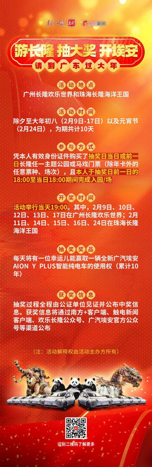 好人啟好運,最暖是廣東。2月16日,大年初七,由南方+、觸電新聞主辦的“請到廣東過大年之游長隆、抽大獎、開埃安”活動開出第八個大獎。隨著“廣東好人”趙曉燕按下開獎鍵,身份證號為“44****19780825786X”的廣東游客成為今日的幸運兒。她將獲得一輛全新廣汽埃安AION Y Plus智能純電車的使用權。
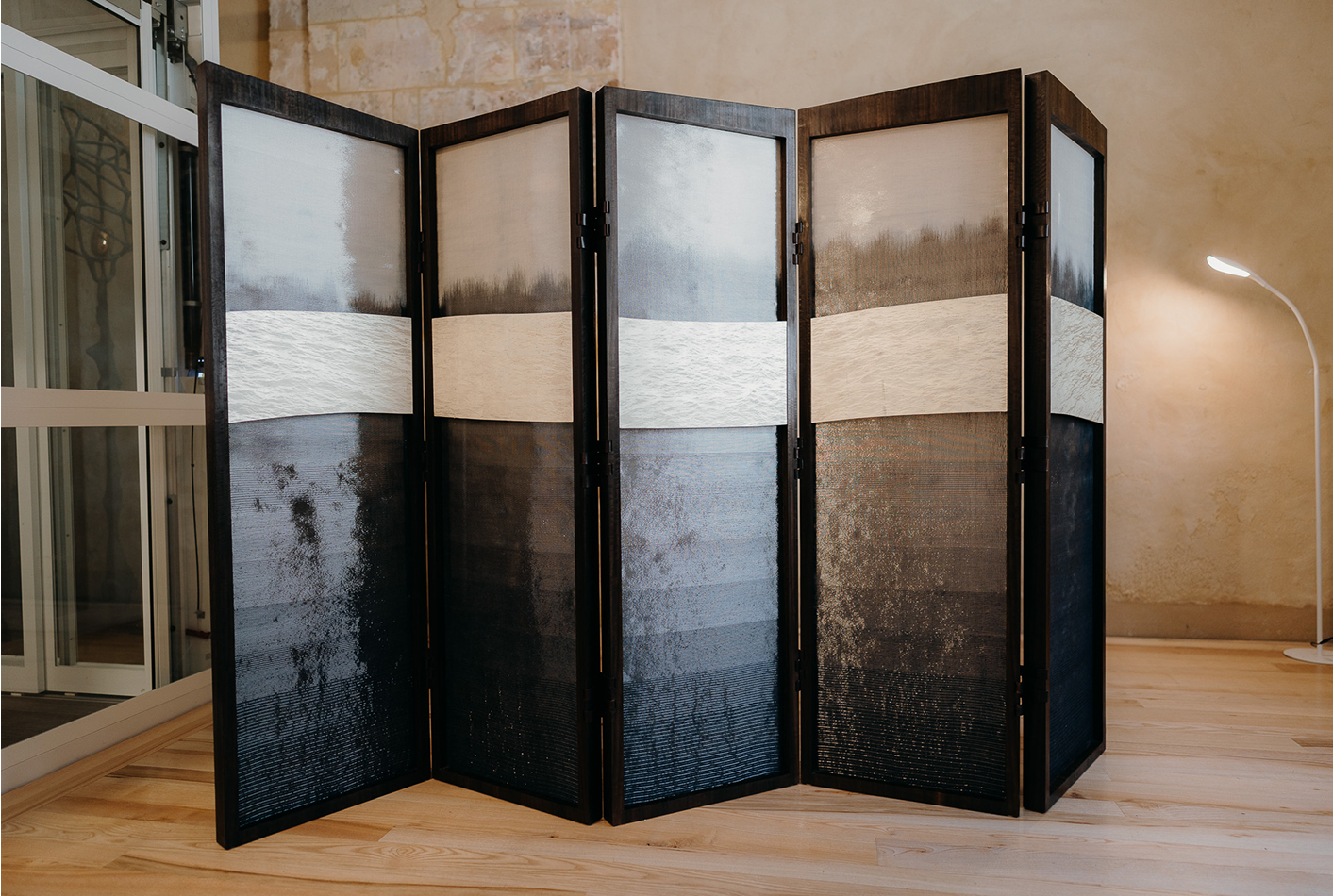 The screen will be displayed at the Journées Européennes des Métiers d’Art in Mortagne-au-Perche in April 2025. This event is dedicated to showcasing exceptional craftsmanship. Visitors will have the opportunity to experience the piece up close, observing how light transforms its appearance and how the materials interact to create a constantly changing visual effect.
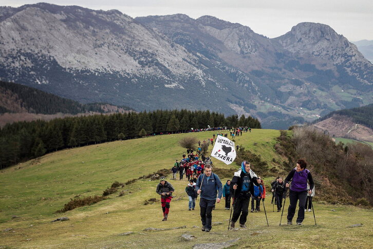 Aitzina eta Ernai gazte antolakundeek antolaturiko mendi martxa Lekunberritik igarotzen.
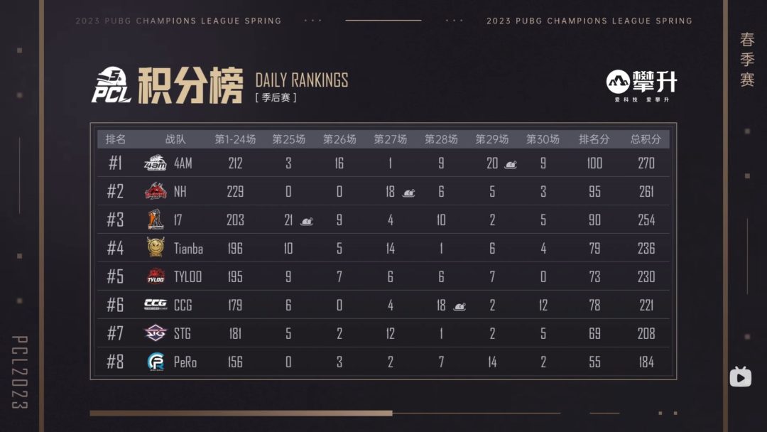 【大会データ】PCL 2023 Spring Grand Finals 大会結果【PUBG】 2023年 X Facebook はてブ LINE コピー2023.04.092023.04.19スポンサーリンク 2022 PWS : Phase 2 Weekly Survival KR Week1 試合結果&データ【PUBG大会データ保管庫】 2022.07.232022.10.08 【大会結果】PUBG NATIONS CUP 2023│ PNC 2023【PUBG】 2023.09.20 PGC観戦記 Week3 Weekly Final Day2 【PUBG】 2021.12.162022.10.08 今回は PCL 2023 Spring Grand Finals の結果をまとめました。目次得点表順位表MatchスタッツMapごとの得点累計ptグラフ生存スタッツ各順位獲得回数生存時間、移動距離ダメージスタッツ各ダメージダメージ内訳個人表彰投擲物スタッツ終わり得点表順位表MatchスタッツMapごとの得点累計ptグラフ生存スタッツ各順位獲得回数生存時間、移動距離ダメージスタッツ各ダメージダメージ内訳個人表彰投擲物スタッツ終わりここまで見ていただきありがとうございます。データはtwire様のものを使用しています。
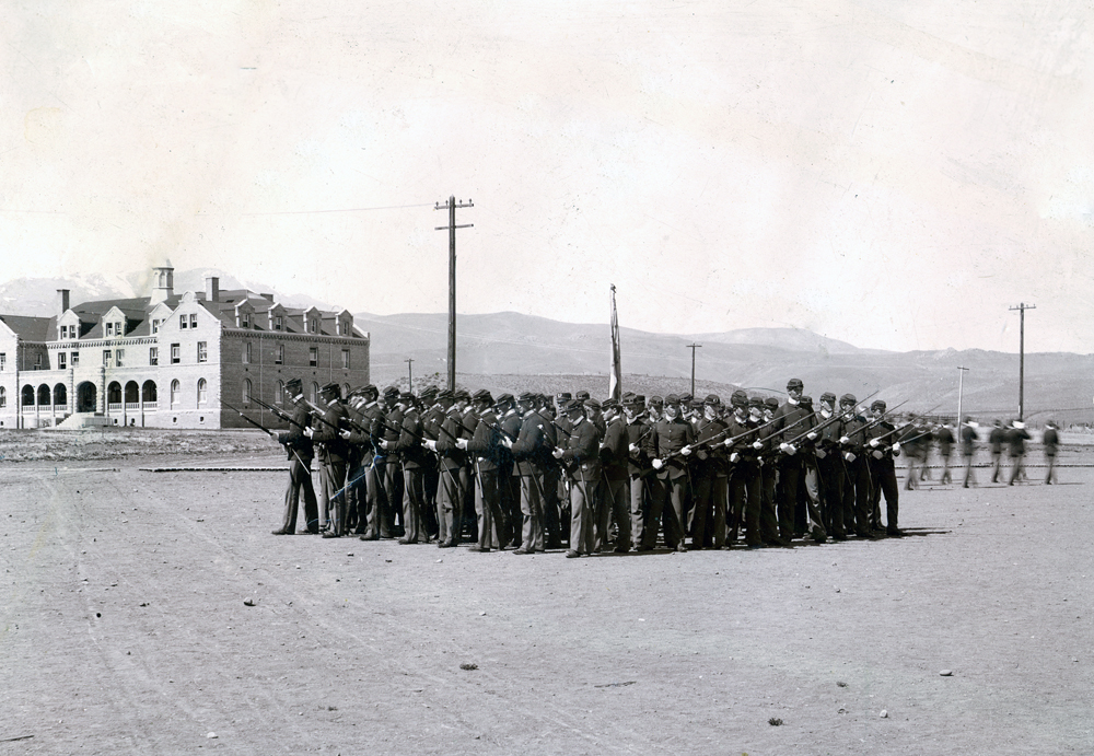 Nevada State University Cadet Corps in formation and marching, 1900. Lincoln Hall is in the background.
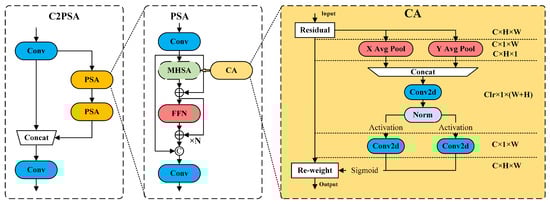 At the end of the backbone, partial self-attention (PSA) [37] relies on the built-in MHSA mechanism to provide multiscale representation capabilities for the model. However, the computational complexity of MHSA is high, especially on high-resolution images, and the ability to process local details is limited. This study proposes replacing the multihead self-attention mechanism with the CA mechanism, enabling the model to better capture spatial location information and channel-wise dependencies, thereby effectively handling complex background information in images. While maintaining a low parameter count, the introduction of CA allows the model to focus on more discriminative features and reduce interference factors in the decision-making process. The architecture of the CA mechanism is shown in Figure 7. One of the branches in the feature map of the input C2PSA flows to the CA, and the input feature map is globally pooled along both the horizontal and vertical axes. Each channel is encoded horizontally using a pooling kernel of size (H, 1), as shown in Equation (2). The size of the pooled nucleus in the vertical direction is (1, W), and the encoding process is as shown in Equation (3):

##########

> **WHAT THE TASK REQUIRES**
Only the lines from the top of the material through the line containing "Nevada State University" should be written out, exactly and without pictures.

> **SOLUTION BELOW**
 好人啟好運,最暖是廣東。2月16日,大年初七,由南方+、觸電新聞主辦的“請到廣東過大年之游長隆、抽大獎、開埃安”活動開出第八個大獎。隨著“廣東好人”趙曉燕按下開獎鍵,身份證號為“44****19780825786X”的廣東游客成為今日的幸運兒。她將獲得一輛全新廣汽埃安AION Y Plus智能純電車的使用權。
 The screen will be displayed at the Journées Européennes des Métiers d’Art in Mortagne-au-Perche in April 2025. This event is dedicated to showcasing exceptional craftsmanship. Visitors will have the opportunity to experience the piece up close, observing how light transforms its appearance and how the materials interact to create a constantly changing visual effect.
 Aitzina eta Ernai gazte antolakundeek antolaturiko mendi martxa Lekunberritik igarotzen.
 【大会データ】PCL 2023 Spring Grand Finals 大会結果【PUBG】 2023年 X Facebook はてブ LINE コピー2023.04.092023.04.19スポンサーリンク 2022 PWS : Phase 2 Weekly Survival KR Week1 試合結果&データ【PUBG大会データ保管庫】 2022.07.232022.10.08 【大会結果】PUBG NATIONS CUP 2023│ PNC 2023【PUBG】 2023.09.20 PGC観戦記 Week3 Weekly Final Day2 【PUBG】 2021.12.162022.10.08 今回は PCL 2023 Spring Grand Finals の結果をまとめました。目次得点表順位表MatchスタッツMapごとの得点累計ptグラフ生存スタッツ各順位獲得回数生存時間、移動距離ダメージスタッツ各ダメージダメージ内訳個人表彰投擲物スタッツ終わり得点表順位表MatchスタッツMapごとの得点累計ptグラフ生存スタッツ各順位獲得回数生存時間、移動距離ダメージスタッツ各ダメージダメージ内訳個人表彰投擲物スタッツ終わりここまで見ていただきありがとうございます。データはtwire様のものを使用しています。
 Nevada State University Cadet Corps in formation and marching, 1900. Lincoln Hall is in the background.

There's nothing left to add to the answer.